Singles from The Remote Part
- "You Held the World in Your Arms" Released: 15 April 2002; "American English" Released: 1 July 2002; "Live in a Hiding Place" Released: 21 October 2002; "A Modern Way of Letting Go" Released: 10 February 2003;

= The Remote Part =

The Remote Part is the third studio album by Scottish rock band Idlewild, released on 15 July 2002 by Parlophone. As they were becoming increasingly aware of their label's interest in them and their demos, the band's musical direction was being steered by guitarist Rod Jones. For the first half of 2001, the band recorded songs with producers Stephen Street and Lenny Kaye. Due to the uneven nature of the songs done between tours, they spent some time reworking 20 tracks in the Scottish Highlands. They recorded at Rockfield Studios in Wales, RAK Studios in London, and Sawmills Studios in Cornwall with producer Dave Eringa. Described as an alternative rock and indie rock record, it lacked the punk rock elements of their previous work.

Bookending two UK tours, "You Held the World in Your Arms" was released as the album's lead single on 15 April 2002. The second and third singles "American English" and "Live in a Hiding Place" were released on 1 July and 21 October 2002, respectively. During a stint of Europe, bassist Bob Fairfoull left the band, and was temporarily replaced by technician Alex Grant. They then supported Coldplay on their tours of the UK and Europe. In November 2002, Gavin Fox of Turn and touring guitarist Allan Stewart joined as official members. Two further tours of the UK followed in late 2002 and early 2003; they then went on a headlining US tour, before supporting Pearl Jam in that territory for two months.

The Remote Part received universal acclaim from music critics, some of whom praised the band's energy and songwriting. The album peaked at number two in Scotland, and number three in the UK, as well as charting in France and Ireland. It would later be certified gold in the UK. All of the songs appeared within the top 30 of the Scottish and UK Singles Charts, with "You Held the World in Your Arms" charting the highest at number four in the former, and number nine in the latter.

==Background and writing==
Idlewild released their second studio album 100 Broken Windows in April 2000, which was produced by Dave Eringa. It peaked at number 15 in the UK, while all of its four singles appeared on the UK Singles Chart, with "Actually It's Darkness" reaching the highest at number 23. With the making of the album, the band became aware of how invested their record label was with the band, and their feedback in regards to demos.
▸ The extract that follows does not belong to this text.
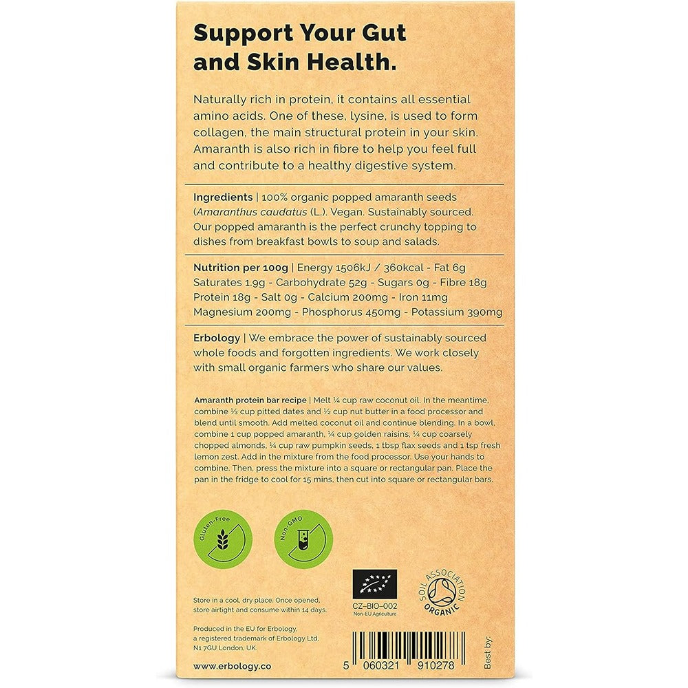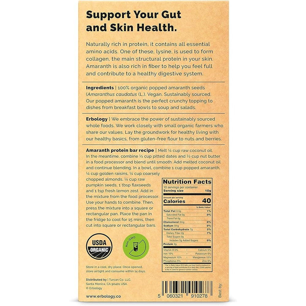 Erbology Organic Amaranth Pops is delicious nutty topping high in fibre and protein. Amaranth is a unique plant. It's rich in fibre and contains all the essential amino acids, which is rare among plants. This light nutty delight is naturally gluten-free. It is also an excellent source of dietary fibre, minerals and high-quality protein. Amaranth contains all nine essential amino acids, including lysine. Among other things, your body uses lysine to form collagen, the main structural protein in your skin.
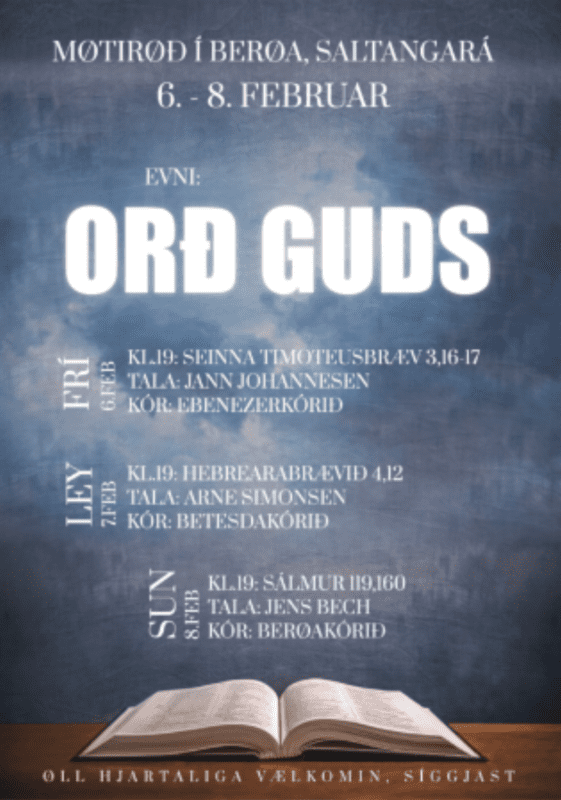 “Orð Guds” Møtirøð 6.-8. í Berøa, Saltangará

Frontman Roddy Woomble acknowledged that the band had been working towards anthemic tracks, and was confident they would pull them off.
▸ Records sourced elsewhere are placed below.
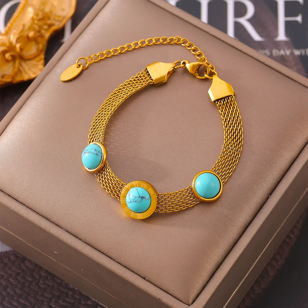 Goldplattiertes Titanium-Edelstahl Armband mit Türkis-Anhänger | Luxus-Damenschmuck
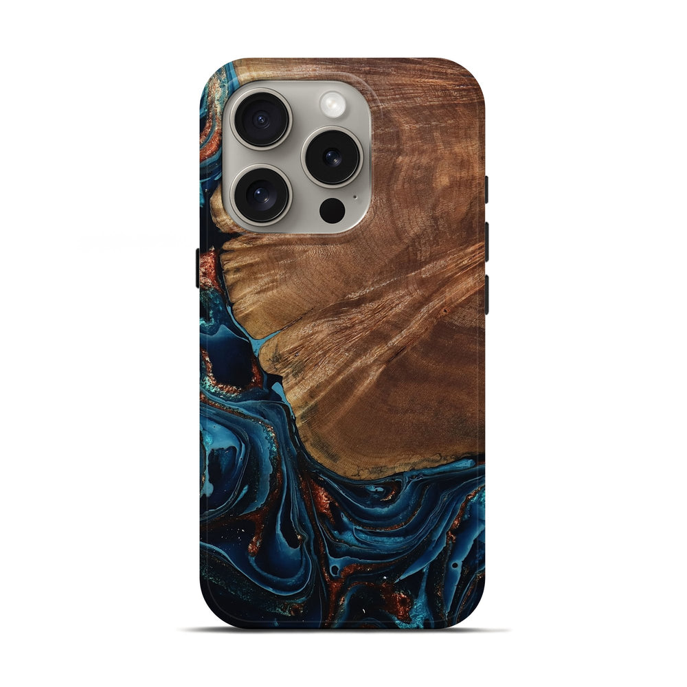 Our Live Edge cases are made from an amazing combination of stabilized wood burl and colored resin. Our stabilization process hardens the wood to protect against cracks and breaks. We do every step of the process at our shop in Northern Indiana. Perfectly fits the iPhone 16 Pro.
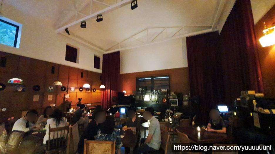 사실 가게가 층고가 높아 시원한 느낌은 들지만 무대 주변이 엄청 넓은 편은 아니라서 굳이 가운데가 아니더라도 시야에 어려움은 없으실 것 같아요.
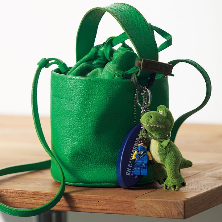 3年選手のthehighlightsのバケツバッグは軽くて綺麗なグリーンがコーデのポイントになって使い勝手抜群!息子の好きなキャラクターとRon Hermanのチャームはブルーとグリーンの2色に絞って統一感を。miumiuのブレスをミックスして大人のバランスに。
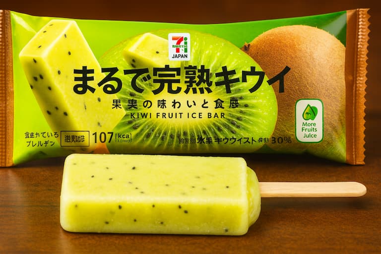 「7プレミアム まるで完熟キウイ」は、果実感・食感・香りのすべてにおいて“まるでキウイ”を堪能できる完成度の高いアイス。フルーツアイスが好きな方、さっぱり系が好きな方はぜひ一度試してみてください。夏の定番になること間違いなし!
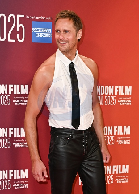 Alexander Skarsgĺrd attends "Pillion" Premiere during the BFI London Film Festival, at the Southbank Centre, Royal Festival Hall in London, England. UK. Saturday 18th October 2025, Credit:James Warren / Avalon
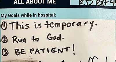 During his time in the hospital, David’s son, David Jr., put together a family Bible study to help keep the family hopeful and focused on Jesus. At the end of each lesson, they recorded what they learned on a white board in David’s hospital room.
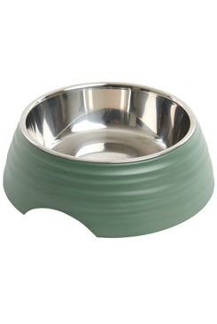 Tato miska se skládá z dvou částí. Vnitřní nerezová část lze vyjmout a lehce omýt.Vnější část je vyrobena z plastu melamin,který je zdravotně nezávadný. Na dně misky jsou gumové nožičky a miska proto neklouže po podlaze.
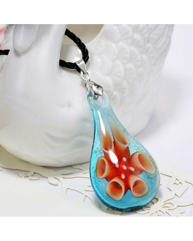 Narancssárga vízcsepp virág - Női Lampwork Murano üveg vízcsepp levél virág nyaklánc medál báj ajándék
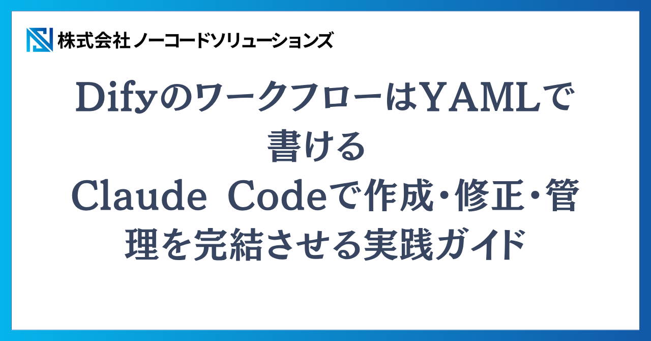 DifyのワークフローはYAML(DSL)で管理できるため、Claude Codeとの相性が抜群です。GUIでの煩雑な操作から解放され、自然言語だけでワークフローの作成・修正・改善が可能になります。
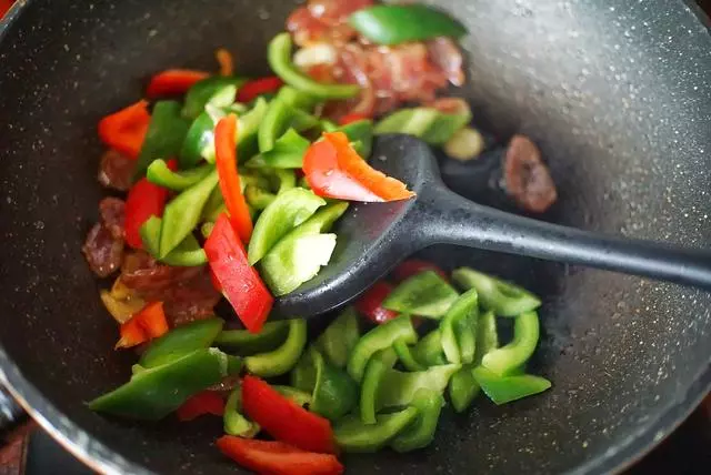 4、再倒入切块的青红尖椒翻炒均匀。
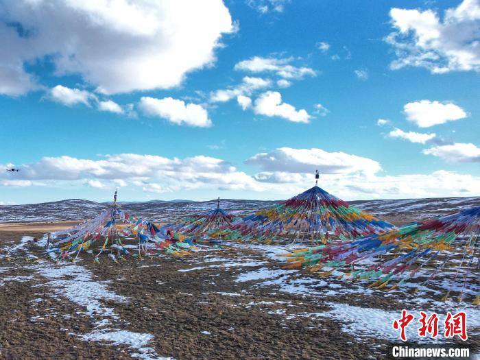 圖為青海省玉樹州曲麻萊縣麻多鄉約古宗列盆地內的經幡。 劉洋 攝
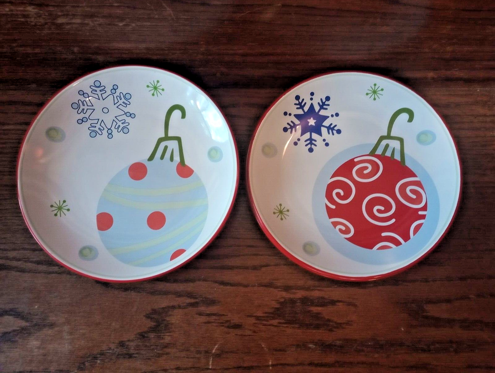 5-Piece Pfaltzgraff Taffy Candy Christmas Plates - 3 Blue & 2 Red Ornament Designs

They promoted 100 Broken Windows with a UK tour, a supporting slot for Muse on their headlining European tour, and appearances at the Glastonbury, T in the Park and Witnness festivals. Woomble noted that the band felt like "a collective of songwriters" during the writing process for the next album. He credits guitarist Rod Jones with influencing their musical direction, stating that Jones "really started to take steps forward in terms of his guitar playing, and also his harmonies". In August 2000, the band debuted three songs during a hometown show, all three of which leaned towards a 1980s sound; further material was aired during a UK tour.

==Production==
In January and February 2001, Idlewild had recorded seven songs with producer Stephen Street at Linford Manor in Milton Keynes, prior to a tour of the United States in March and April 2001. They then supported Placebo on their US tour in April and May 2001. Idlewild were unhappy with the material with they did with Street and decided to start again; Woomble said Parlophone were not satisfied with the power metal/ambient direction of the new songs noting "one of them was a 23 minute recording of a man crying, we thought it was great but the label didnae". They spent a day with producer Lenny Kaye, who Woomble found to be very enthusiastic about the material they had, in Brooklyn, New York City rearranging the songs. They then recorded at Magic Studios in New York City with Kaye over the course of a week in June 2001; by this point, they had nine tracks in total. Woomble said Kaye was helped in his development as a songwriter, as Kaye aiding him in focusing on his lyrics, which no prior producer assisted in.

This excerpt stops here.